Bending the Bruhat-Tits Tree I:Tensor Network and Emergent Einstein Equations

TL;DR

This paper demonstrates how tensor networks encode geometric data satisfying an emergent Einstein equation in the p-adic AdS/CFT correspondence, linking tensor network geometry to a Fisher metric between quantum states.

Contribution

It introduces a method to assign distances in tensor networks that satisfy a graph Einstein equation, connecting tensor network geometry with emergent gravitational dynamics.

Findings

Tensor network distances satisfy a graph Einstein equation.

The geometric data matches a Fisher metric between quantum states.
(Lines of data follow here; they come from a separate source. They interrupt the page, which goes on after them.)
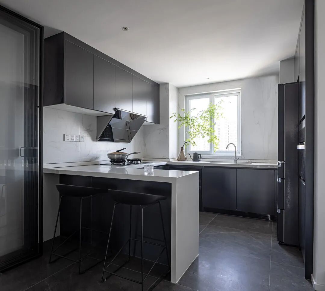 4. 厨房:外扩 + U 型布局,兼顾操作与互动
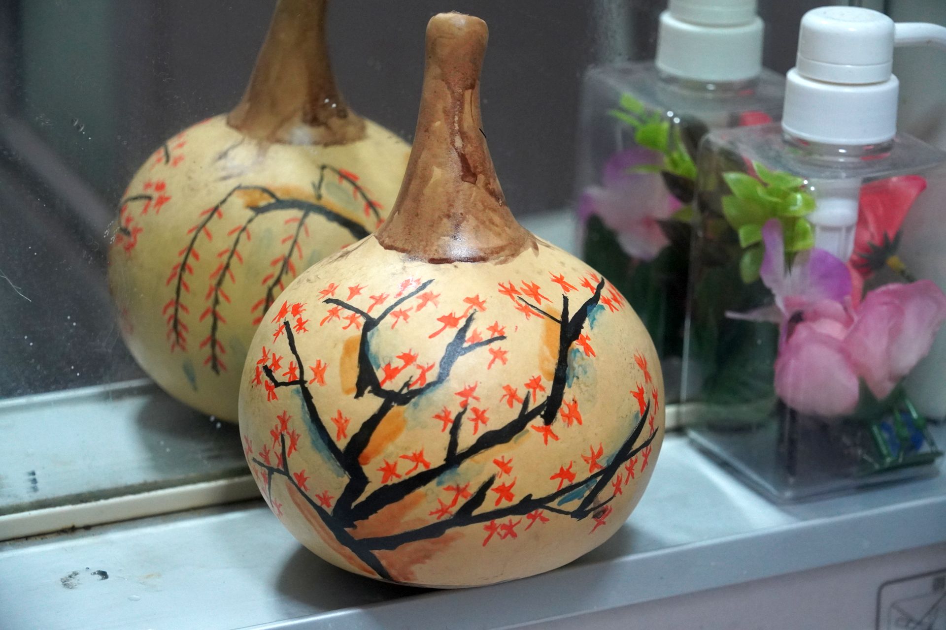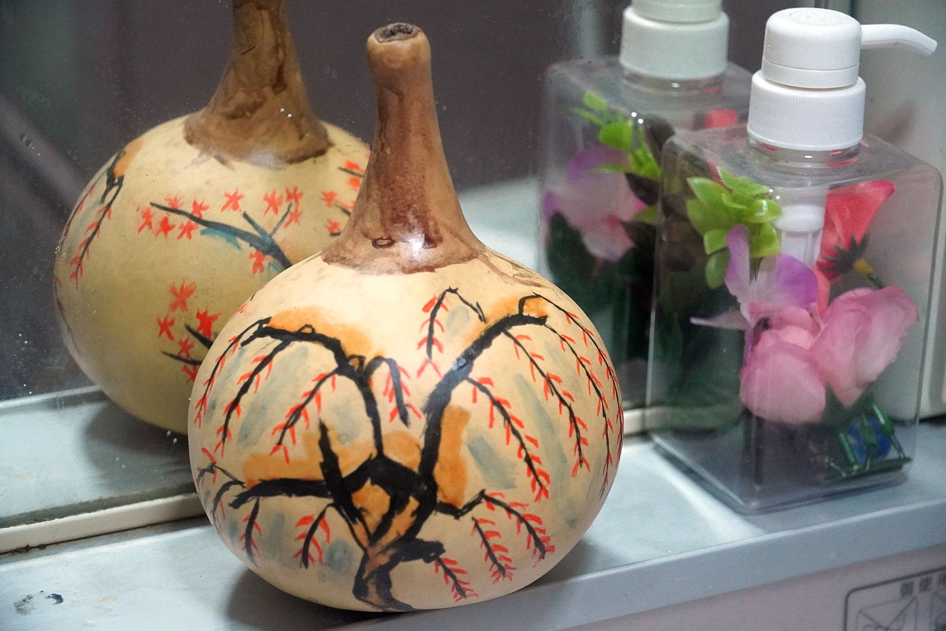 瓢箪に絵を描く1前回のこの記事で大体感じをつかんだので、民芸品調を目指して絵をかいてみましたメインの絵は基本墨汁と朱色のみで仕上げ、華やかさを演出するのに水彩絵の具を若干使用しています瓢箪を彩色する今回は梅と藤をイメージしています 梅藤木に塗る用のニスを茶色の着色に使用すると非常にいい感じになります赤と黒だけでは色が寂しいかと思い少し色を追加しましたが、正解でした。
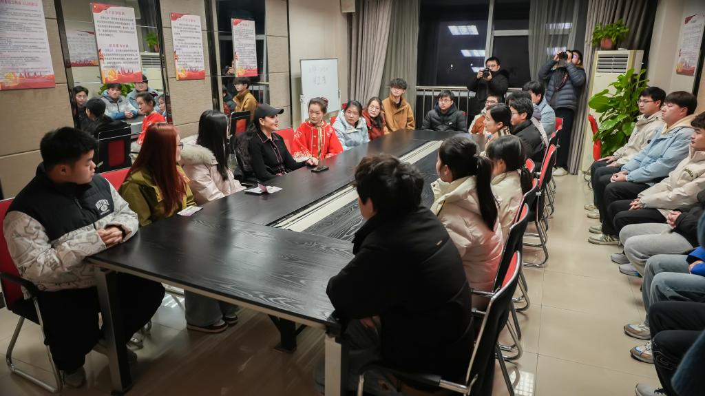 演出落幕,掌声经久不息。韩再芬教授不顾演出疲惫,即刻与25名安理学子围坐一堂,开启了一场温暖而深刻的美育思政课。她结合自身深耕黄梅戏舞台的经历,向学子们解读了中国传统戏曲的精髓,强调传统戏曲不仅是一门表演艺术,更是承载中华优秀传统文化、传递民族精神的重要载体,是中华传统美学的核心所在。黄梅戏的传承与发展,既要守住传统声腔、经典剧目这些“根基”,又要与时俱进、大胆创新,通过创排贴合时代主题的新剧目让传统戏曲与当代社会同频共振。正如《六尺巷宽》所传递的“谦让”精神,在当今社会依然具有强烈的现实意义,能够引导人们正确处理人际关系、化解矛盾分歧,这正是传统戏曲时代价值的生动体现。
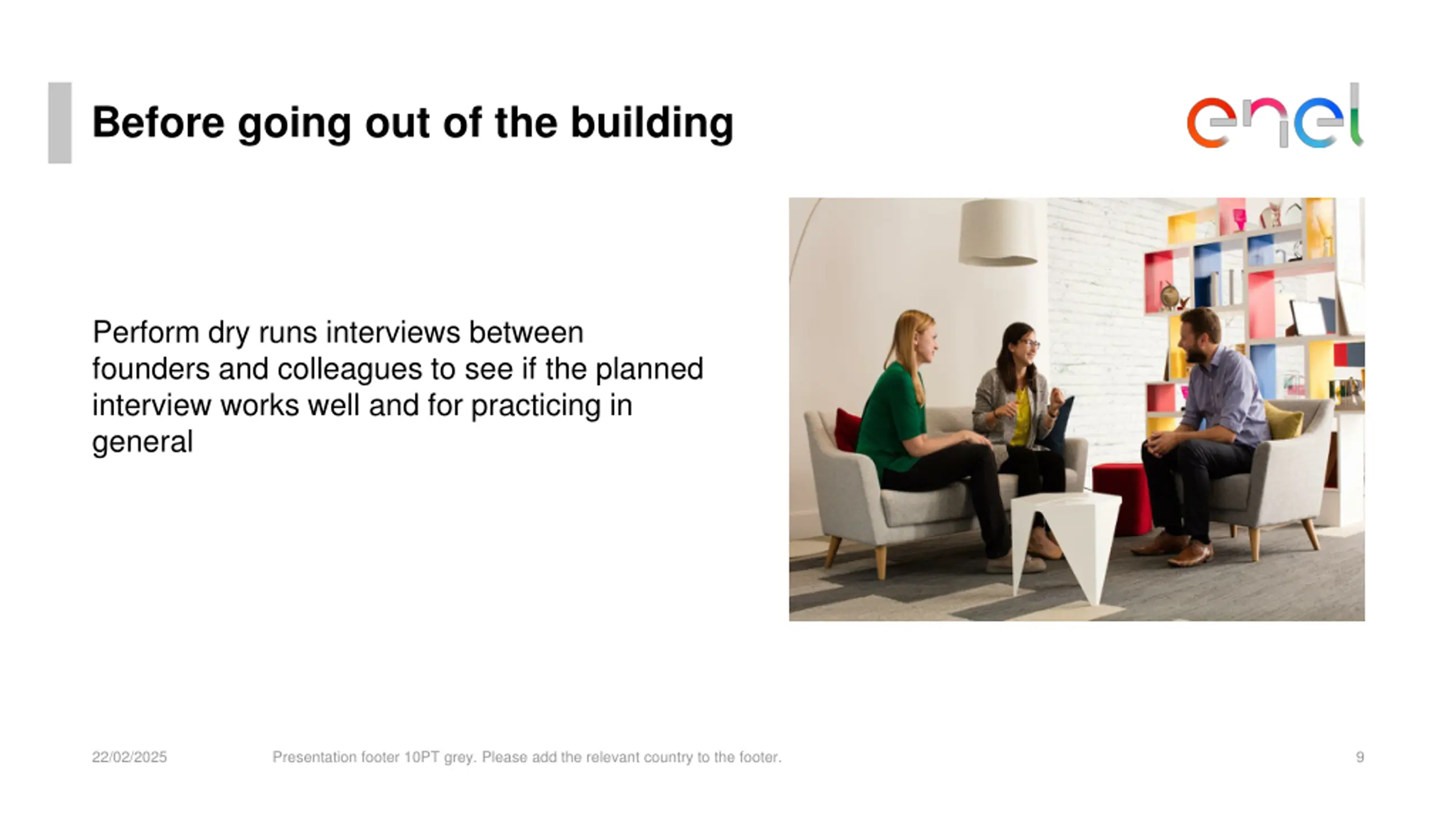 Before going out of the building Perform dry runs interviews between founders and colleagues to see if the planned interview works well and for practicing in general 22/02/2025 Presentation footer 10PT grey. Please add the relevant country to the footer. 9
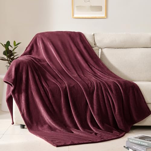 BEAUTEX Fleecefilt för soffa eller sängöverkast, mjuk luddig plyschfilt, lyxig flanell knäfilt, supermysig och bekväm för alla årstider (vin, 127 cm x 152 cm)
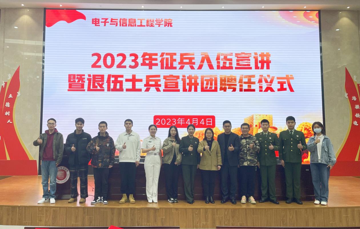 为落实2023年征兵工作的决策部署,帮助学生全面了解应征入伍政策,鼓励和引导学生响应国家号召投身军营报效祖国,4月4日,必赢bwin线路检测中心官网在学术楼117报告厅举办2023年征兵入伍宣讲会暨“退伍士兵宣讲团”聘任仪式。会议邀请武装部征兵工作负责人薛正豪,能源与机械工程学院辅导员、征兵工作负责人仝晶晶出席,必赢bwin线路检测中心官网党委副书记周冬梅、学院征兵工作负责人阮文杰,相关辅导员和百余名学生参加。

Perturbative analysis recovers known mathematical proposals.

Abstract

As an extended companion paper to [1], we elaborate in detail how the tensor network construction of a p-adic CFT encodes geometric information of a dual geometry even as we deform the CFT away from the fixed point by finding a way to assign distances to the tensor network. In fact we demonstrate that a unique (up to normalizations) emergent graph Einstein equation is satisfied by the geometric data encoded in the tensor network, and the graph Einstein tensor automatically recovers the known proposal in the mathematics literature, at least perturbatively order by order in the deformation away from the pure Bruhat-Tits Tree geometry dual to pure CFTs. Once the dust settles, it becomes apparent that the assigned distance indeed corresponds to some Fisher metric between quantum states encoding expectation values of bulk fields in one higher dimension. This is perhaps a first quantitative demonstration that a concrete Einstein equation can be extracted directly from the tensor network, albeit in the simplified setting of the p-adic AdS/CFT.